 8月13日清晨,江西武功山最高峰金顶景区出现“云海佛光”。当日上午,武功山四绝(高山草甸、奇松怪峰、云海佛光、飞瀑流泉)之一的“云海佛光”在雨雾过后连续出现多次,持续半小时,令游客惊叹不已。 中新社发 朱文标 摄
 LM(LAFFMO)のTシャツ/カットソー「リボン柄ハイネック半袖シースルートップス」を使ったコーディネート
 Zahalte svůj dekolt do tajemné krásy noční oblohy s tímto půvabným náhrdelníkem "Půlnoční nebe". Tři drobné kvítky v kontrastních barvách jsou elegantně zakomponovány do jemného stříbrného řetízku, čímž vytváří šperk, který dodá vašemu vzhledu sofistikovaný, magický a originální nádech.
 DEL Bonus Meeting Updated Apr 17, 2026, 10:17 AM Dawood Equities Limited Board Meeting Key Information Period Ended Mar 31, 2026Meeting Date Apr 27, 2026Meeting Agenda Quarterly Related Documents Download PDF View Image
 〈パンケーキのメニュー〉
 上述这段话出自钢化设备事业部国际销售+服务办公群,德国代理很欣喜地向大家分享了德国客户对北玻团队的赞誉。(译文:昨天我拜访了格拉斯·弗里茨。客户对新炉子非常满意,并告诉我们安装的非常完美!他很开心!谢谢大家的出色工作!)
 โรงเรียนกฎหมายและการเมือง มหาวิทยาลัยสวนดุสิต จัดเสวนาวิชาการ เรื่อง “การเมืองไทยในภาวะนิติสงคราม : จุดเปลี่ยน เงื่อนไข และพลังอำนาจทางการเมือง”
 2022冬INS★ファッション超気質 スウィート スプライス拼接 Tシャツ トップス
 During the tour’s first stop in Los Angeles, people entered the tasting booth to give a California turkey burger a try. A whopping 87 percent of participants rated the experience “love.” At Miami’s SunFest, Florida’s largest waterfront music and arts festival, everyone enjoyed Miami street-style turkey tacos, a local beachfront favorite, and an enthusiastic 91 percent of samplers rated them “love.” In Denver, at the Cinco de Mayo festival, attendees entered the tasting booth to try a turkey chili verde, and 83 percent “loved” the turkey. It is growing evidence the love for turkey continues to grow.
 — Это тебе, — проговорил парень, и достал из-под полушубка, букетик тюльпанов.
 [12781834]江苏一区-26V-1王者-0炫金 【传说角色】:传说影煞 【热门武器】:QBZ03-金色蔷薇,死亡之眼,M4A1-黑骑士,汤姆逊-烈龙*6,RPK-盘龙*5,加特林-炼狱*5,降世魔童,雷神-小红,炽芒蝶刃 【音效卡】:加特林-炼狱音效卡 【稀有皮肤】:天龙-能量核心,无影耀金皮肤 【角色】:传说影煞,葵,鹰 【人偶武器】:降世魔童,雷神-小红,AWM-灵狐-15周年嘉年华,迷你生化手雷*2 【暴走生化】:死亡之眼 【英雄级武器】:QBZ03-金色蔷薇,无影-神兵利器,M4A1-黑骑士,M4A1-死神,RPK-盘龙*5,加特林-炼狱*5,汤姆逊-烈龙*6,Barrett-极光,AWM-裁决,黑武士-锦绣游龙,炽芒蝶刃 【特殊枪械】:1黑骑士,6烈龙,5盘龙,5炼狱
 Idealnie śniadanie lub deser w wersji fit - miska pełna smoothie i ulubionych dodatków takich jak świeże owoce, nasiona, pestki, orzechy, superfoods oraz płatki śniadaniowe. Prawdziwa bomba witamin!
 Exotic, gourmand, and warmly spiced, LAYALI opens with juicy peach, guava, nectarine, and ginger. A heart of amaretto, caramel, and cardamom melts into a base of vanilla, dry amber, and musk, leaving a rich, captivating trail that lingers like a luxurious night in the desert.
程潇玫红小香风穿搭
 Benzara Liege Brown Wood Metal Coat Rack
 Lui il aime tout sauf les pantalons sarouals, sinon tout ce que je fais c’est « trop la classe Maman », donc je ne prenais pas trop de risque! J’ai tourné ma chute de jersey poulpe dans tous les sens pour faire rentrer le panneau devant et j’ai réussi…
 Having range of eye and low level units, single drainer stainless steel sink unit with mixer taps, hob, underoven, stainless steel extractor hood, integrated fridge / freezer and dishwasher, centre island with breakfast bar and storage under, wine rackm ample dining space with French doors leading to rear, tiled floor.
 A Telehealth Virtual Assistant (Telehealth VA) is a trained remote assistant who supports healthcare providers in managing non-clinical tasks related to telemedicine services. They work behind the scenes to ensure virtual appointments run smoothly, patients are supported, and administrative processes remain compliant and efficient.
####
## EXERCISE
Using the exact wording, repeat all the entries.

## OUTPUT OF THE TASK
 8月13日清晨,江西武功山最高峰金顶景区出现“云海佛光”。当日上午,武功山四绝(高山草甸、奇松怪峰、云海佛光、飞瀑流泉)之一的“云海佛光”在雨雾过后连续出现多次,持续半小时,令游客惊叹不已。 中新社发 朱文标 摄
 LM(LAFFMO)のTシャツ/カットソー「リボン柄ハイネック半袖シースルートップス」を使ったコーディネート
 Zahalte svůj dekolt do tajemné krásy noční oblohy s tímto půvabným náhrdelníkem "Půlnoční nebe". Tři drobné kvítky v kontrastních barvách jsou elegantně zakomponovány do jemného stříbrného řetízku, čímž vytváří šperk, který dodá vašemu vzhledu sofistikovaný, magický a originální nádech.
 DEL Bonus Meeting Updated Apr 17, 2026, 10:17 AM Dawood Equities Limited Board Meeting Key Information Period Ended Mar 31, 2026Meeting Date Apr 27, 2026Meeting Agenda Quarterly Related Documents Download PDF View Image
 〈パンケーキのメニュー〉
 上述这段话出自钢化设备事业部国际销售+服务办公群,德国代理很欣喜地向大家分享了德国客户对北玻团队的赞誉。(译文:昨天我拜访了格拉斯·弗里茨。客户对新炉子非常满意,并告诉我们安装的非常完美!他很开心!谢谢大家的出色工作!)
 โรงเรียนกฎหมายและการเมือง มหาวิทยาลัยสวนดุสิต จัดเสวนาวิชาการ เรื่อง “การเมืองไทยในภาวะนิติสงคราม : จุดเปลี่ยน เงื่อนไข และพลังอำนาจทางการเมือง”
 2022冬INS★ファッション超気質 スウィート スプライス拼接 Tシャツ トップス
 During the tour’s first stop in Los Angeles, people entered the tasting booth to give a California turkey burger a try. A whopping 87 percent of participants rated the experience “love.” At Miami’s SunFest, Florida’s largest waterfront music and arts festival, everyone enjoyed Miami street-style turkey tacos, a local beachfront favorite, and an enthusiastic 91 percent of samplers rated them “love.” In Denver, at the Cinco de Mayo festival, attendees entered the tasting booth to try a turkey chili verde, and 83 percent “loved” the turkey. It is growing evidence the love for turkey continues to grow.
 — Это тебе, — проговорил парень, и достал из-под полушубка, букетик тюльпанов.
 [12781834]江苏一区-26V-1王者-0炫金 【传说角色】:传说影煞 【热门武器】:QBZ03-金色蔷薇,死亡之眼,M4A1-黑骑士,汤姆逊-烈龙*6,RPK-盘龙*5,加特林-炼狱*5,降世魔童,雷神-小红,炽芒蝶刃 【音效卡】:加特林-炼狱音效卡 【稀有皮肤】:天龙-能量核心,无影耀金皮肤 【角色】:传说影煞,葵,鹰 【人偶武器】:降世魔童,雷神-小红,AWM-灵狐-15周年嘉年华,迷你生化手雷*2 【暴走生化】:死亡之眼 【英雄级武器】:QBZ03-金色蔷薇,无影-神兵利器,M4A1-黑骑士,M4A1-死神,RPK-盘龙*5,加特林-炼狱*5,汤姆逊-烈龙*6,Barrett-极光,AWM-裁决,黑武士-锦绣游龙,炽芒蝶刃 【特殊枪械】:1黑骑士,6烈龙,5盘龙,5炼狱
 Idealnie śniadanie lub deser w wersji fit - miska pełna smoothie i ulubionych dodatków takich jak świeże owoce, nasiona, pestki, orzechy, superfoods oraz płatki śniadaniowe. Prawdziwa bomba witamin!
 Exotic, gourmand, and warmly spiced, LAYALI opens with juicy peach, guava, nectarine, and ginger. A heart of amaretto, caramel, and cardamom melts into a base of vanilla, dry amber, and musk, leaving a rich, captivating trail that lingers like a luxurious night in the desert.
程潇玫红小香风穿搭
 Benzara Liege Brown Wood Metal Coat Rack
 Lui il aime tout sauf les pantalons sarouals, sinon tout ce que je fais c’est « trop la classe Maman », donc je ne prenais pas trop de risque! J’ai tourné ma chute de jersey poulpe dans tous les sens pour faire rentrer le panneau devant et j’ai réussi…
 Having range of eye and low level units, single drainer stainless steel sink unit with mixer taps, hob, underoven, stainless steel extractor hood, integrated fridge / freezer and dishwasher, centre island with breakfast bar and storage under, wine rackm ample dining space with French doors leading to rear, tiled floor.
 A Telehealth Virtual Assistant (Telehealth VA) is a trained remote assistant who supports healthcare providers in managing non-clinical tasks related to telemedicine services. They work behind the scenes to ensure virtual appointments run smoothly, patients are supported, and administrative processes remain compliant and efficient.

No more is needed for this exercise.